Criminalizing Abortion Will Tear Families Apart
Gary Raymond and his mother, Elizabeth, usually wouldn’t sit down at the table for breakfast. It was 1963; he was in seventh grade and usually just grabbed something quick before rushing off to class. When his mom suggested they take a seat, Gary knew that something was wrong.
His father, Sherwin, hadn’t come home last night, his mother began, and then handed him the morning copy of their local Bergen Record. “I remember unfolding that and seeing a picture of my father on the front page, top of the front page,” Gary said almost six decades later, now a retired social worker who lives in Washington, D.C. “She said he’d been arrested for performing abortions.” He had no idea what an abortion was.
His mother, who hadn’t yet spoken to her husband since the arrest, began to describe abortion to her son—detailing it as something that women needed, something that was difficult and necessary. Elizabeth spoke of her mother, who had given herself an abortion (via gasoline or turpentine, Gary can’t quite remember now), and of her grandmother, his great-grandmother, who had an abortion too.
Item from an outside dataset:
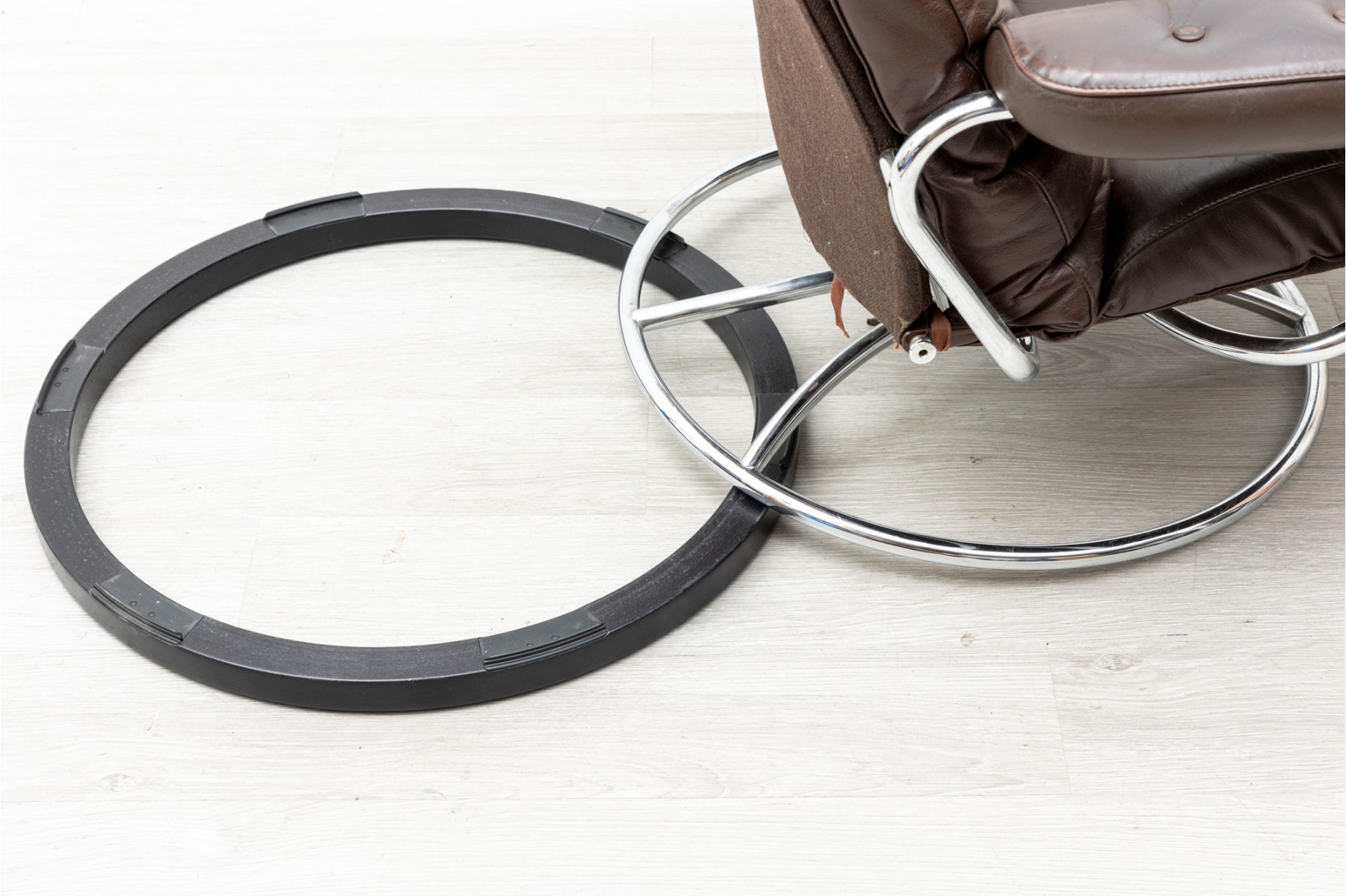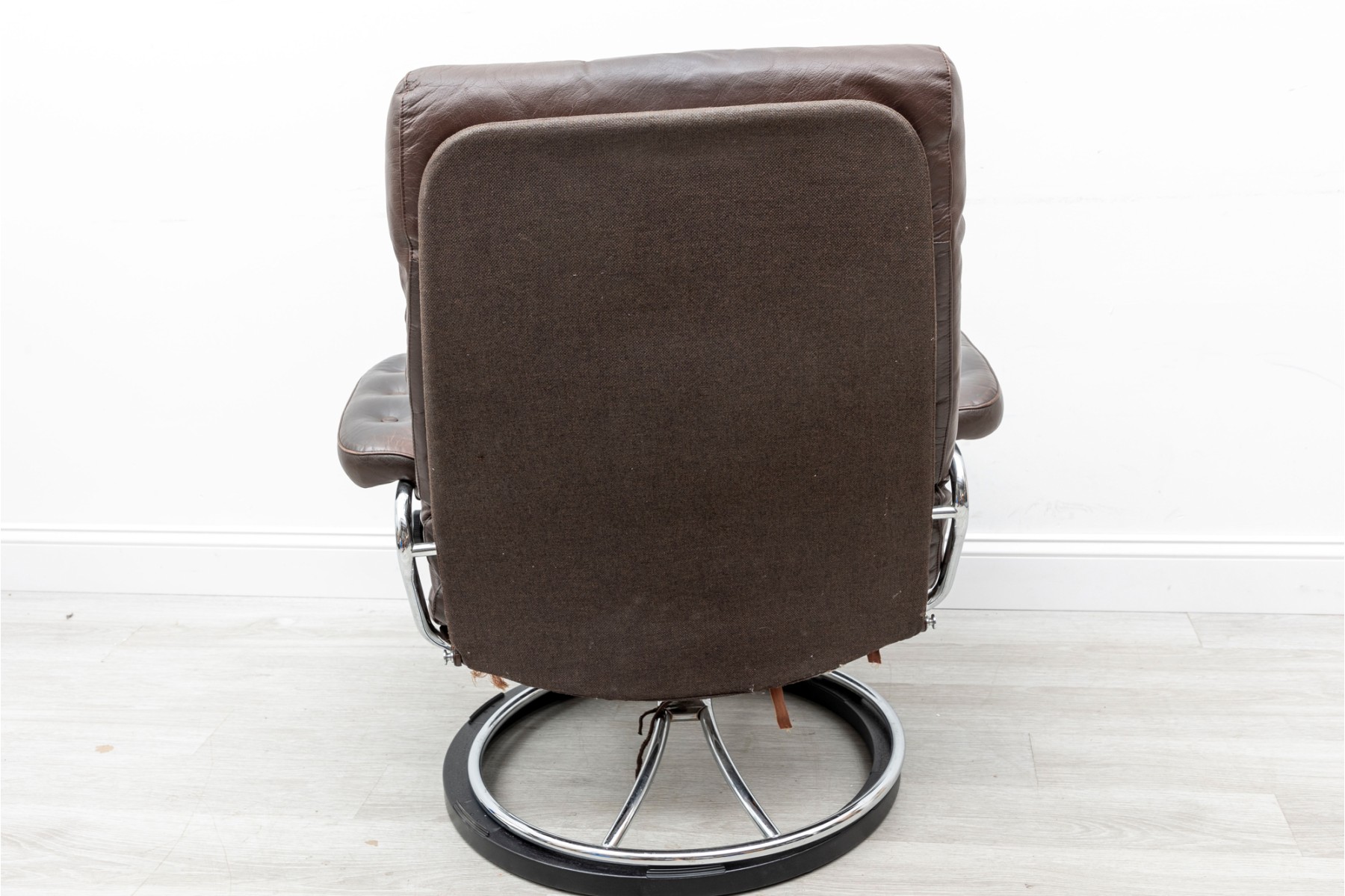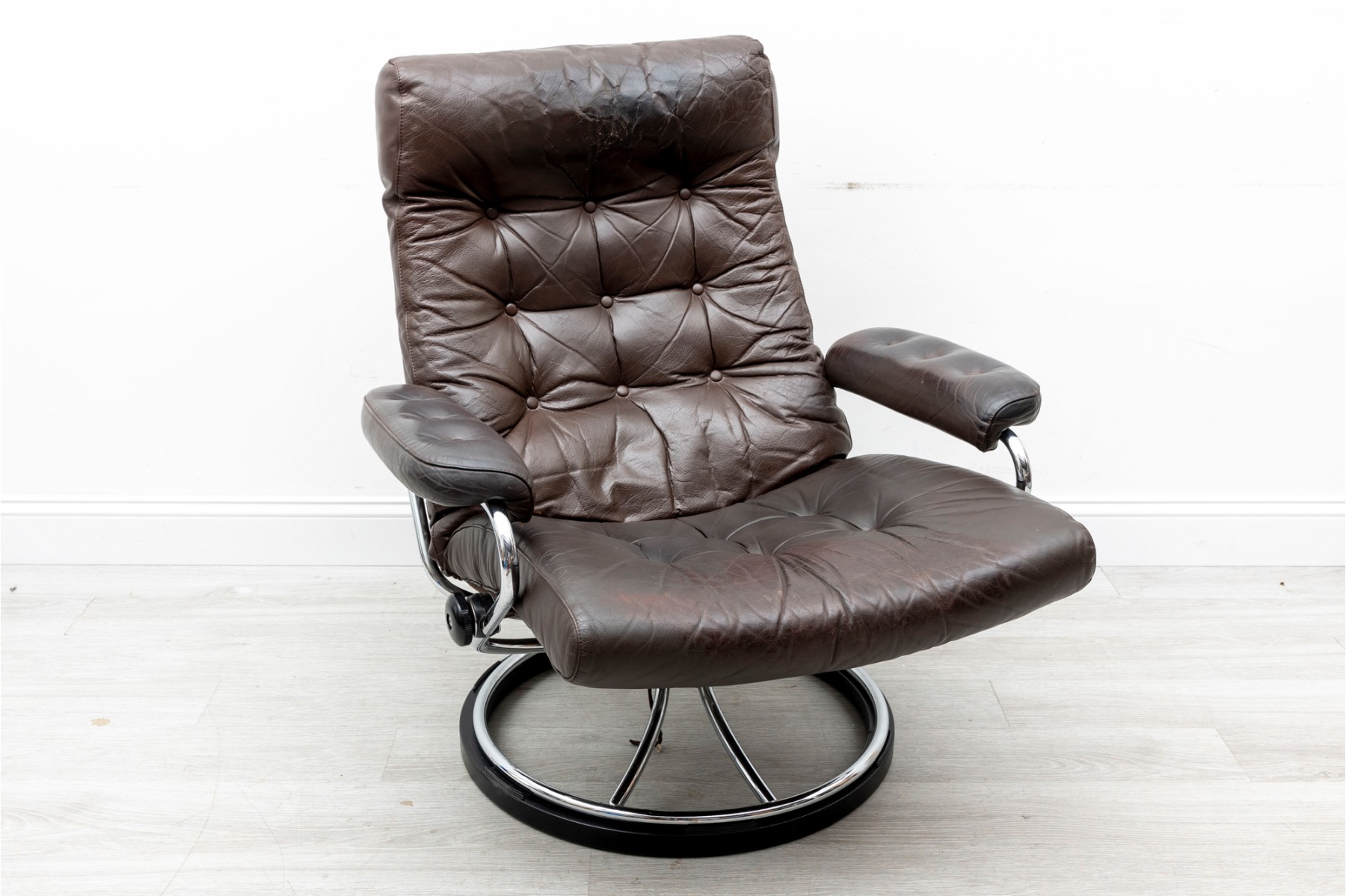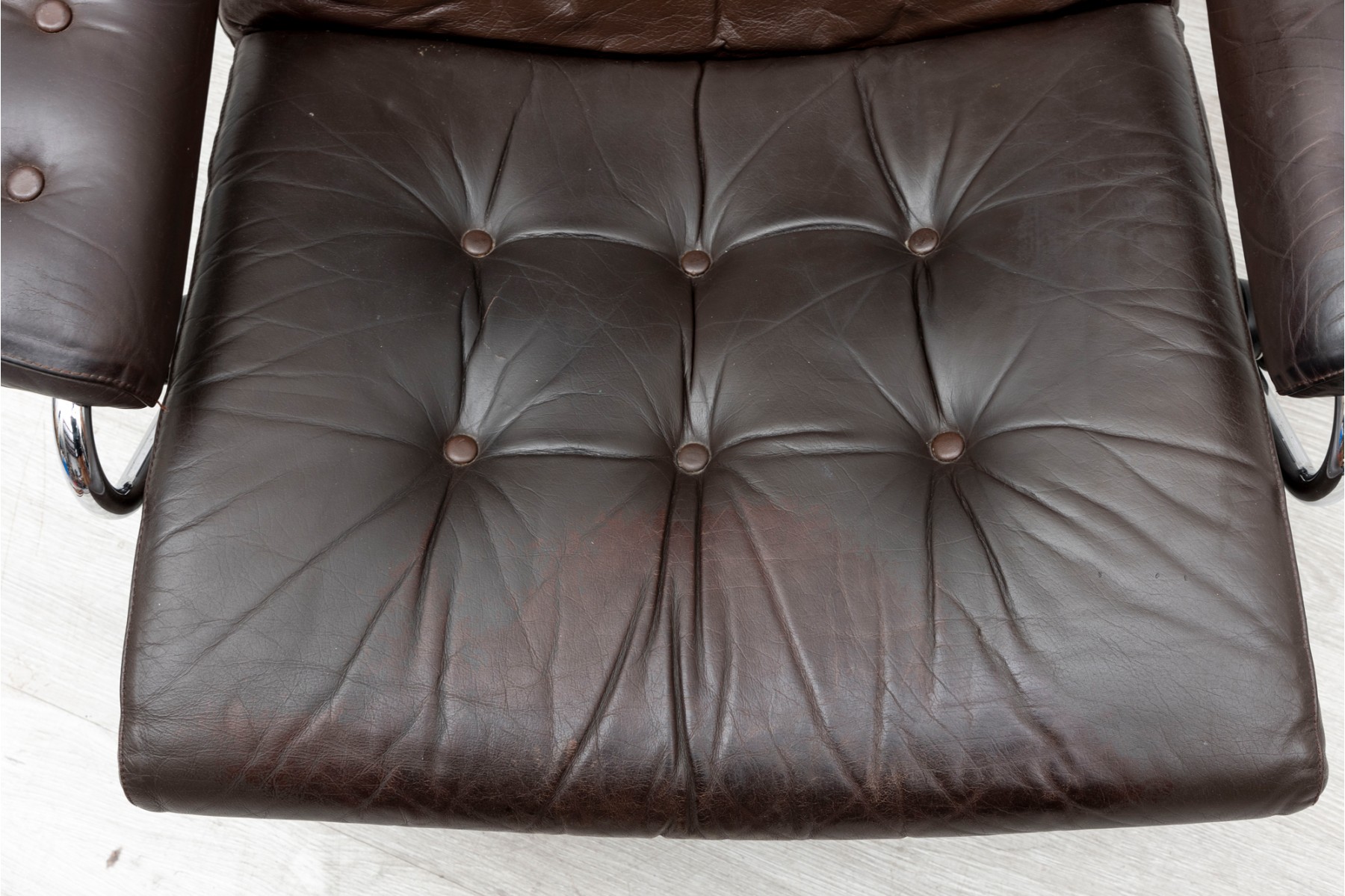 Ekornes Stressless reclining lounge chair. Elegant mid century Scandinavian design with tubular bent chrome frame and brown leather button tufted cushions.

“The emotion that’s coming up for me” he told me, holding back tears, “is really about how hard it must have been for my mother to have to sit down with her young son and explain this to him, when she had not a lot of time to process this already.”
Gary, now 71, is part of a dwindling group whose parents were arrested, charged, and incarcerated for performing abortions in a pre-Roe world. His experience growing up at the center of a national debate around abortion provides a window into another group of children, one that’s just now emerging in a post-Roe world, whose parents are risking their lives and livelihood to keep providing abortions for pregnant people.
In Arizona, a century-and-a-half-old law mandating prison time for abortion providers could be put into effect. In Texas, under the trigger ban Governor Greg Abbott signed in June, doctors could face life in prison or $100,000 in fines if they perform abortions. And in Mississippi, the home of the case that brought down Roe v. Wade, a doctor performing (or even attempting) an abortion could be charged with a felony offense and up to 10 years in prison. The criminalization of doctors who provide often lifesaving, life-affirming care to pregnant people leaves their children in the crosshairs, forced to bear the collateral damage of a system that wants to at best harass and at worst lock up their parents.